Given records START

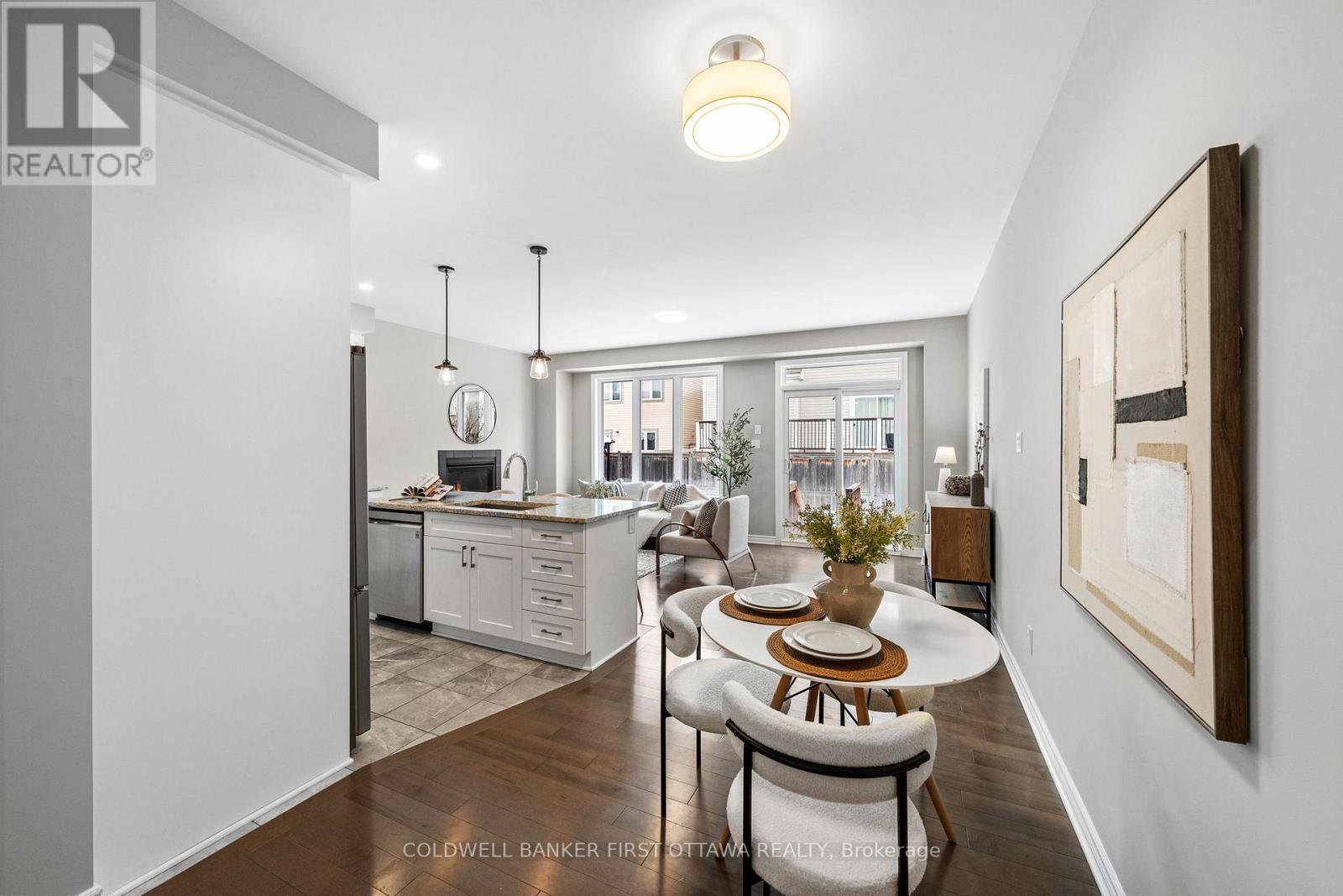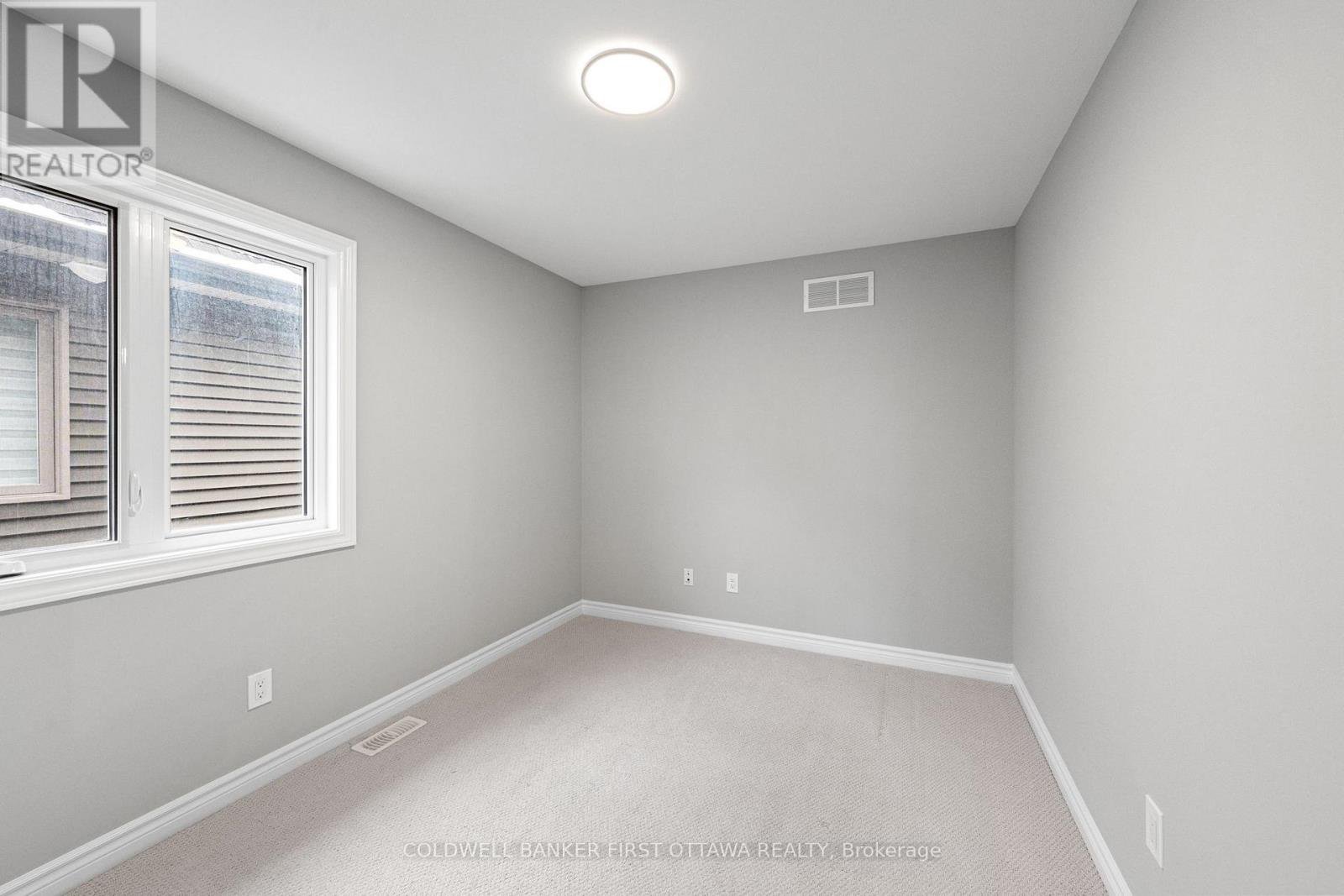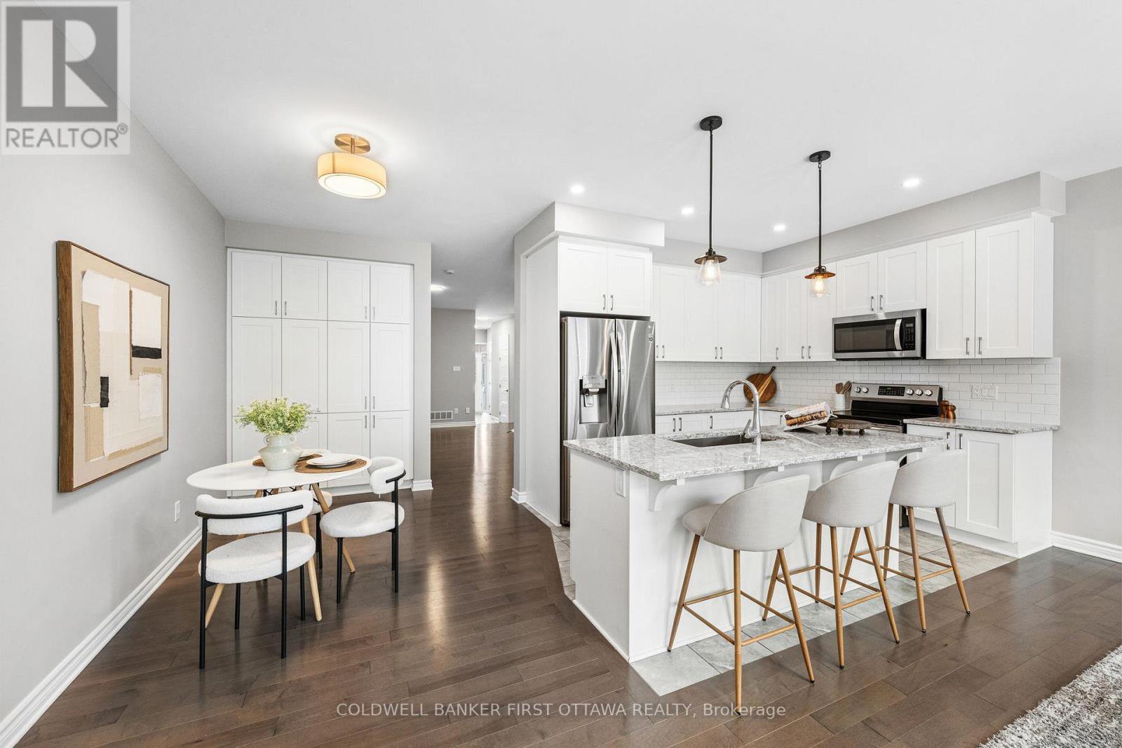 Impeccably maintained and beautifully presented, this four-bedroom, three-bath semi-detached home offers a generous and thoughtfully designed layout ideal for modern family living. The main level features an inviting formal living and dining area, complemented by an expansive kitchen appointed with stone countertops, a breakfast bar, and abundant cabinetry. The adjoining family room, complete with a cozy fireplace, provides a warm and comfortable vantage point over the private rear yard.A graceful, curved staircase leads to the second level, where you'll find four well-proportioned bedrooms. The primary suite serves as a true retreat, showcasing a spacious walk-in closet and a luxurious four-piece ensuite.The finished lower level extends the home's versatility, offering an excellent space for a home office, recreation room, or additional family living.Situated in one of Stittsville's most desirable neighbourhoods, this property enjoys close proximity to schools, numerous parks, vibrant local shops and eateries, and convenient access to Kanata's retail and entertainment districts. A superb blend of comfort, style, and location.
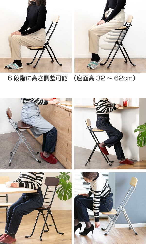 高め位置で、キッチンでの作業や、カウンターチェアとして。中ほどの高さで、来客時のダイニングチェアとして。低くして、ブーツを履くとき、腰がつらい低い位置での作業時に便利です。
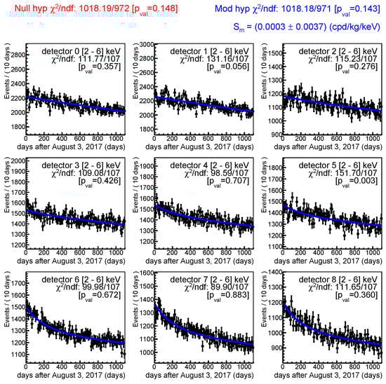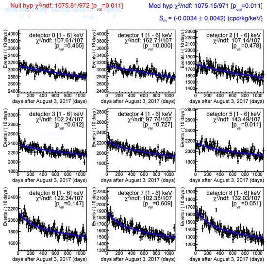 We considered two different approaches to model the experimental background: (1) following [,], the background evolution is approximated to an exponential decay: , where f and  are free parameters; (2) following our Monte Carlo background model [] the background evolution in time is computed and converted into a PDF, so . Finally, (3) we considered the nine modules independently, in order to account for systematic effects that could stem from the different backgrounds and efficiencies among detectors. In this third approach, the  summation was also performed over detectors and the expected number of events for every time bin  and detector d is written as:
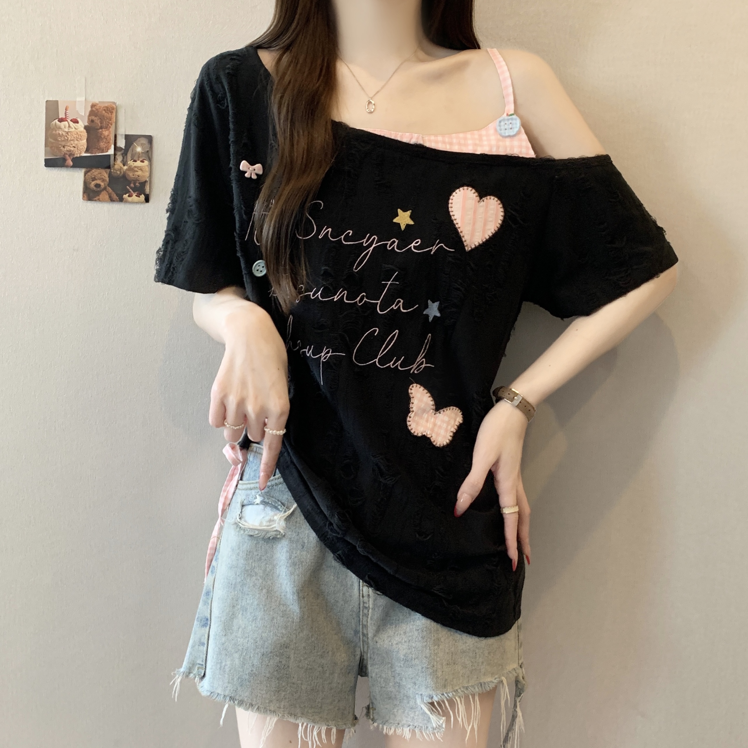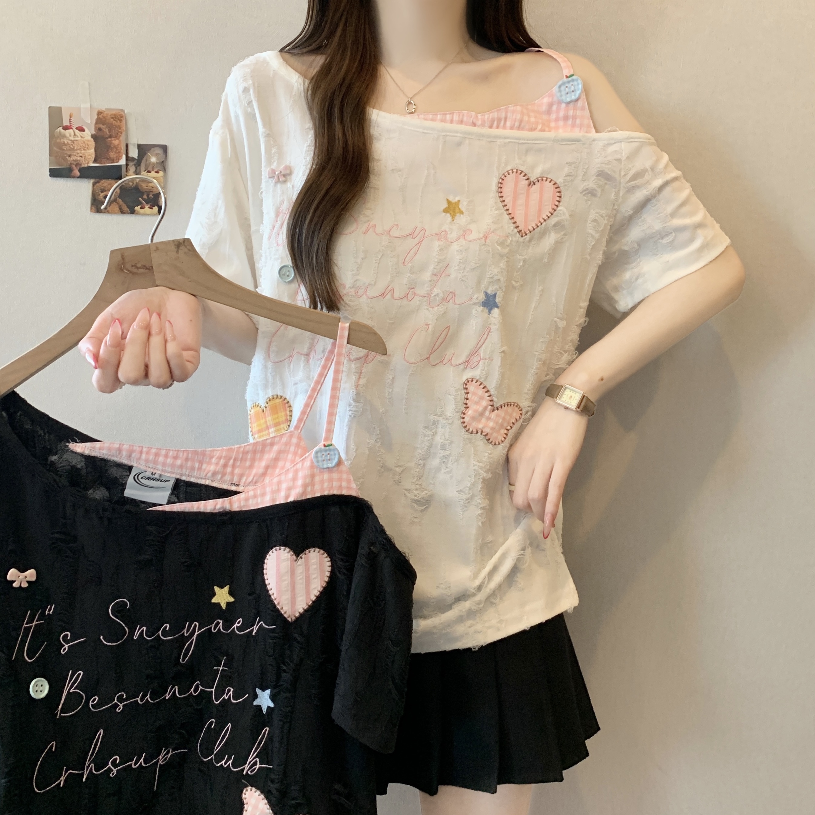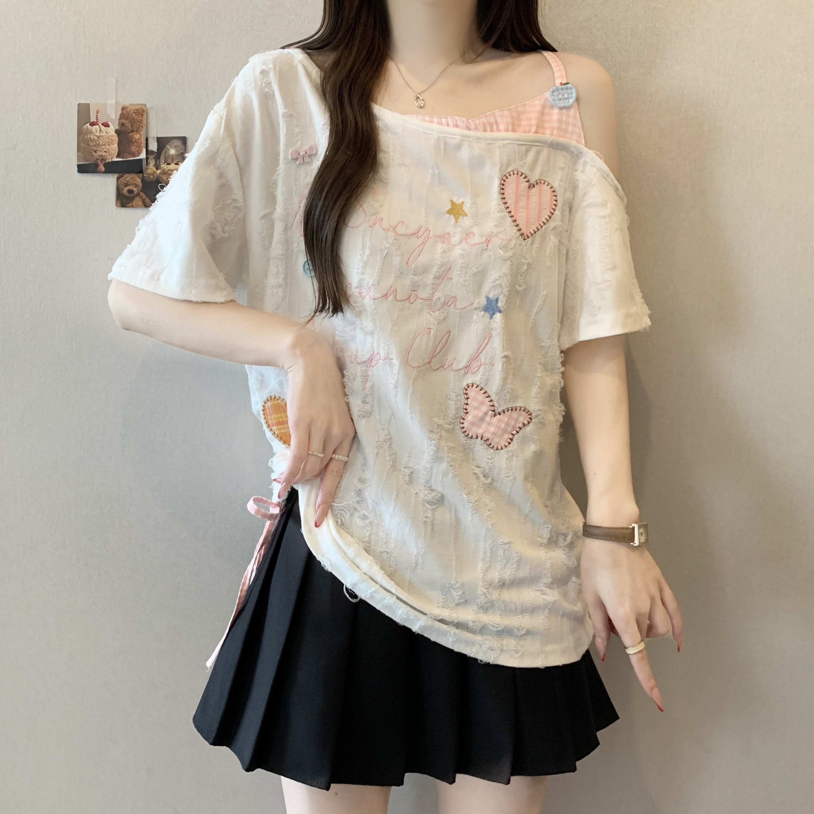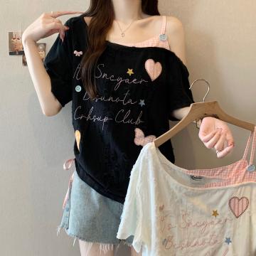Home > 短袖T恤 > BY13318# 胖MM甜美爱心贴布破洞斜肩吊带短袖t恤女夏季抽绳收腰显瘦上衣 服裝批發女裝批發服飾貨源
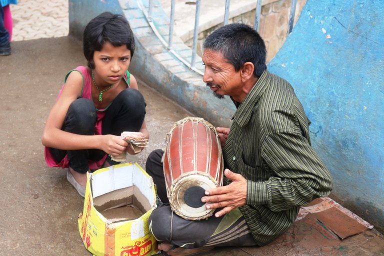 बुवाले बुलबुले पार्कमा गीत गाउँदा प्राप्त भएका रुपैँया गन्दै सुर्खेत बाङ्गेशिमलकि दुर्गा सुनार । उनि कोपिला भ्यालिमा कक्षा ४ मा पढ्छिन् । (तस्बिर : सेरोफेरो)

Given records END

Begin at the first line of the entries and stop after the line holding "We considered two"; repeat those lines exactly, but not the pictures.

 Impeccably maintained and beautifully presented, this four-bedroom, three-bath semi-detached home offers a generous and thoughtfully designed layout ideal for modern family living. The main level features an inviting formal living and dining area, complemented by an expansive kitchen appointed with stone countertops, a breakfast bar, and abundant cabinetry. The adjoining family room, complete with a cozy fireplace, provides a warm and comfortable vantage point over the private rear yard.A graceful, curved staircase leads to the second level, where you'll find four well-proportioned bedrooms. The primary suite serves as a true retreat, showcasing a spacious walk-in closet and a luxurious four-piece ensuite.The finished lower level extends the home's versatility, offering an excellent space for a home office, recreation room, or additional family living.Situated in one of Stittsville's most desirable neighbourhoods, this property enjoys close proximity to schools, numerous parks, vibrant local shops and eateries, and convenient access to Kanata's retail and entertainment districts. A superb blend of comfort, style, and location.
 高め位置で、キッチンでの作業や、カウンターチェアとして。中ほどの高さで、来客時のダイニングチェアとして。低くして、ブーツを履くとき、腰がつらい低い位置での作業時に便利です。
 We considered two different approaches to model the experimental background: (1) following [,], the background evolution is approximated to an exponential decay: , where f and  are free parameters; (2) following our Monte Carlo background model [] the background evolution in time is computed and converted into a PDF, so . Finally, (3) we considered the nine modules independently, in order to account for systematic effects that could stem from the different backgrounds and efficiencies among detectors. In this third approach, the  summation was also performed over detectors and the expected number of events for every time bin  and detector d is written as:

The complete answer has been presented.